Мы погрузили танки на платформы и спокойно покатили обратно. Настроение было праздничное: задача выполнена, и выполнена красиво, да и потерь почто нет. Во всяком случае, наш маленький отряд не потерял ни одного человека. Правда, поручику Голубу какой-то красный Вильгельм Телль отстрелил погон, но мы на радостях почти простили ему эту выходку.

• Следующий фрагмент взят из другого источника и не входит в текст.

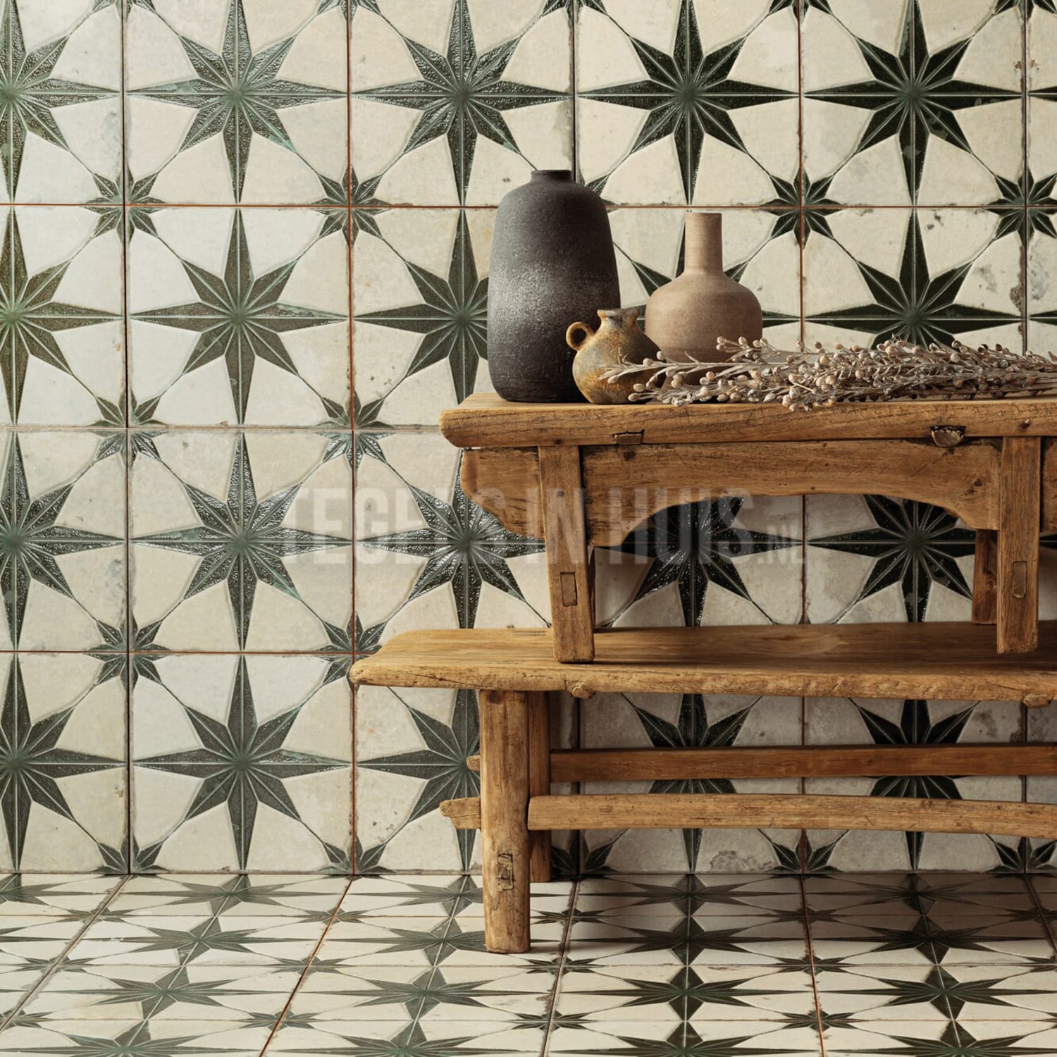 Vintage ontwerper Francisco Segarra doet het opnieuw. FS Star 3D is onderdeel van zijn nieuwe vintage-serie. Uniek aan deze nieuwe serie is het 3D effect. Het patroon heeft voelbaar reliëf waardoor uw vloer of wand extra dimensie krijgt. Vloertegel FS Star 3D is het resultaat van echt vakmanschap. Een decoratief patroon voor een sfeervolle setting. Dit is een 4 in 1 tegel. Dit betekent dat de voeglijn er vooraf is ingeslepen. U kunt deze voeglijn eenvoudig meevoegen in een voegkleur naar keuze.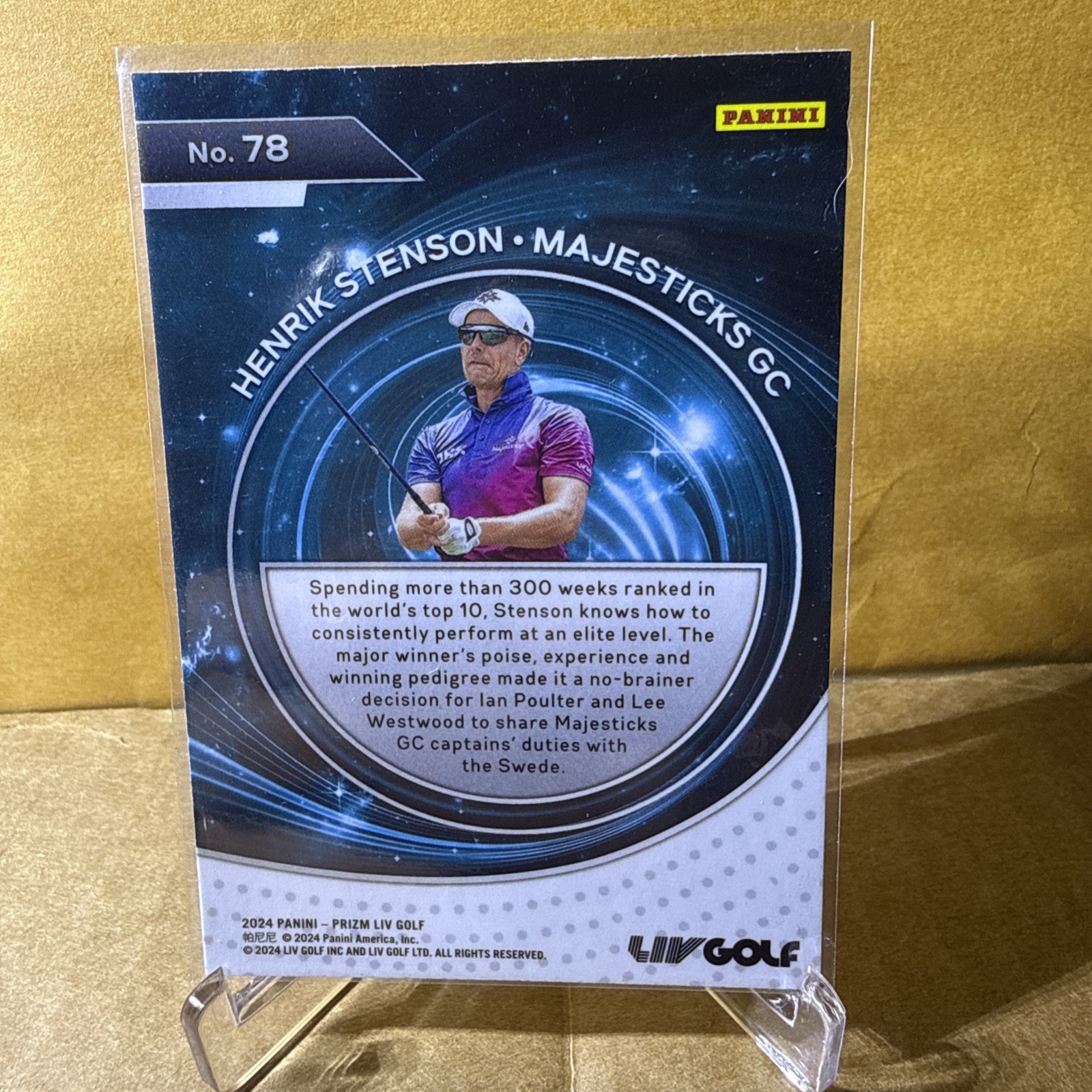 The 2024 Panini Prizm Liv Golf trading card featuring Henrik Stenson as a captain is a highly collectible item for golf enthusiasts. This particular card, numbered #78, is part of the base set for that season and manufactured by Panini. With its focus on showcasing top golf players like Stenson, this card is sure to be sought after by fans and collectors alike for its unique design and association with a renowned athlete in the sport of golf.

Ну вот, не дают работать. Поручик Успенский привел своих комбатантов играть в преферанс и требует освободить стол. Это звучит настолько нагло, что приходится подчиниться.

13 апреля

Вчера поручик Успенский был в крупном выигрыше. Он почти всегда выигрывает, объясняя это преимуществом преферансной школы Харьковского технологического института перед школой игры провинциальных полковых бурбонов. К стыду своему – а может, и к гордости, – я за все годы войны так и не научился играть в эту достойную игру. Правила, конечно, я знаю, но играть – увольте. Да и довоенного опыта у меня не было. В те годы я играл, главным образом, в кункен, нашу семейную игру, и время от времени в «шестьдесят шесть» – со знакомыми дамами. Ну, а на фронте я, в основном, сражался в шмен-де-фер – оно как-то проще. Не всем же дано, право. Поручик Успенский уточняет, что в особенности не дано лицам с историко-филологическим образованием. Не спорю. Меа максима кульпа.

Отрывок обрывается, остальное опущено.